See ../notes/wasmtime-wasi.md for background.

Tool registry

The Locara tool registry mirrors the model registry — curated, versioned, signed wasm artifacts:

registry/tools/<tool-id>.json
{
  "id": "ocr",
  "version": "1.2.0",
  "displayName": "Optical Character Recognition",
  "description": "Extract text and structure from images and PDFs.",
  "license": "Apache-2.0",
  
  "artifact": {
    "url": "https://cdn.locara.app/tools/ocr-v1.2.0.wasm",
    "sha256": "abc123...",
    "size_bytes": 2400000
  },

  "model_dependencies": [
    "glm-ocr-1.5-q8@sha256:..."
  ],

  "capability_requirements": [
    "fs.user-selected (when source is a file path)"
  ],

  "wasi_imports": {
    "fs": { "scope": "$TOOL_TEMP" },  // tool can only write to a temp dir
    "stdio": "read-write"
  },

  "input_schema": {
    "type": "object",
    "properties": {
      "source": { "$ref": "#/definitions/blob_or_path" },
      "language": { "type": "string", "enum": ["en", "auto"] }
    },
    "required": ["source"]
  },

  "output_schema": {
    "type": "object",
    "properties": {
      "text": { "type": "string" },
      "blocks": { "type": "array" },
      "confidence": { "type": "number" }
    }
  },

  "validated_at": "2026-04-01",
  "validated_by": "locara-team"
}

Apps reference tools by <id>@<version>. The runtime fetches and verifies SHA at install time.

Built-in tool catalog (v1)

Each tool below ships in the curated registry on day 1 of phase 3:

Document & content

  • ocr — Extract text from images / PDFs using GLM-OCR or RapidOCR.
  • pdf.extract-text — Extract text layer from PDFs.
  • pdf.split — Split PDFs by page.
  • image.resize — Resize / crop / format-convert images.
  • image.format-convert — JPEG ↔ PNG ↔ WebP.

Filesystem

  • filesystem.search — Search a user-selected directory by filename or content (FTS-backed).
  • filesystem.read — Read a user-selected file.
  • filesystem.write — Write to a user-selected path.
  • bash.read-only — Whitelist of safe shell commands (ls, grep, find, wc).

Code execution

  • code-exec.python — Pyodide-based Python in wasm. No native deps; pure Python + a small standard library subset. Memory-capped, time-bounded.
  • code-exec.js — JS execution in a separate wasm sandbox.
  • code-exec.lua — Optional; small footprint scripting.
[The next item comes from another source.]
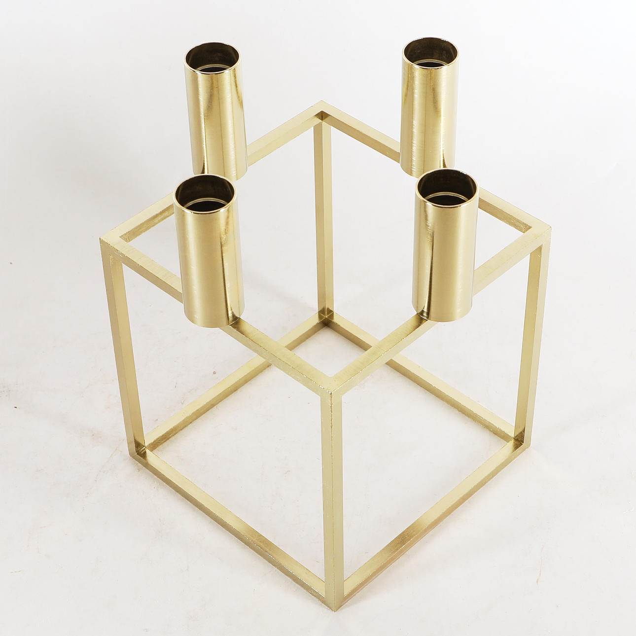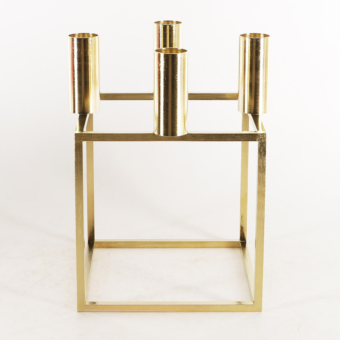 Til 4 stearinlys, messing, mærket "By Lassen", højde ca 20, 16x16 cm.

Network (capability-gated)

  • web.fetch — Fetch a URL. Only available if the app declares net with allowed hosts.

LLM-derived

  • text.summarize — Summarize via the app’s declared LLM.
  • text.translate — Translate via the app’s LLM.
  • text.classify — Categorize text via the app’s LLM.

Audio / Video

  • audio.transcribe — Use the app’s STT modality to transcribe.
  • audio.detect-silence — Detect silence regions for chunking.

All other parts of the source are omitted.